Saving H&HS;to do what it should do, as opposed perhaps to a lot of what it has done, may require someone like Dean after all, and if Dean hopes to save the larger patient—democratic America—that part definitely must survive as well.

Gotta agree—I’m glad it’s not Daschle too.

Comment #15: Mark Foxwell  on  02/03  at  11:22 PM

To clarify—I worry about who would replace Dean in his current position; I’m not saying I want him to be preoccupied with that conundrum.

Dang, I previewed that and still didn’t catch that ambiguity!

Something I did catch, and fix, was those pesky semicolons after my abbreviations for “Health and Human Services.” They showed in in Preview, in both texts—the actual Preview and the source text below. I deleted them from the latter but they came back anyway. Apparently they are some artifact of HTML code I’m not familiar with.

And while I don’t want Dean obsessed beyond reason with the question of his successor, I do hope he has a good plan to leave behind someone who shares his values and determination.

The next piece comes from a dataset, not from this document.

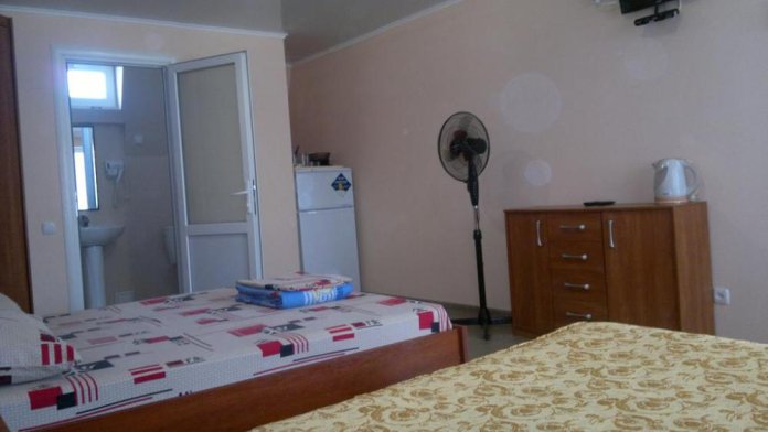 Номер теневой, прохладный, имеет обособленную личную террасу для посиделок и отдыха на свежем воздухе. Укомплектован всей необходимой посудой. Санузел в номере состоит из раковины и унитаза, душ общий в 3-4 метрах.

Comment #16: Mark Foxwell  on  02/03  at  11:33 PM

Glad it’s not going to be Daschle; meanwhile, annoyed at all these nominees with tax issues. As several people have joked, the more people get nominated to cabinet positions, the more the IRS actually gets to collect taxes owed. It just makes me unhappy that it’s people Obama’s nominating—couldn’t he find people who didn’t screw around with things? (I know the tax code’s complicated. Still. *sigh*)

Comment #17: Nenya  on  02/04  at  01:47 AM

Howard Dean doesn’t really have a “current position” right now.  He’s the FORMER governor of Vermont, and the FORMER Chairman of the DNC.  I believe he’s doing private sector consulting right now.

Comment #18: DTG in STL  on  02/04  at  03:00 AM

I’m sure that in the USA there are a multitude of tax professionals available who can do “compliance sweeps” on people like Daschle and provide a list of errors.  No sympathy.

Comment #19: seeker6079  on  02/04  at  09:26 AM

Er, Mark - Dean hasn’t been Chairman for about two weeks now. He’s been replaced by Tim Kaine.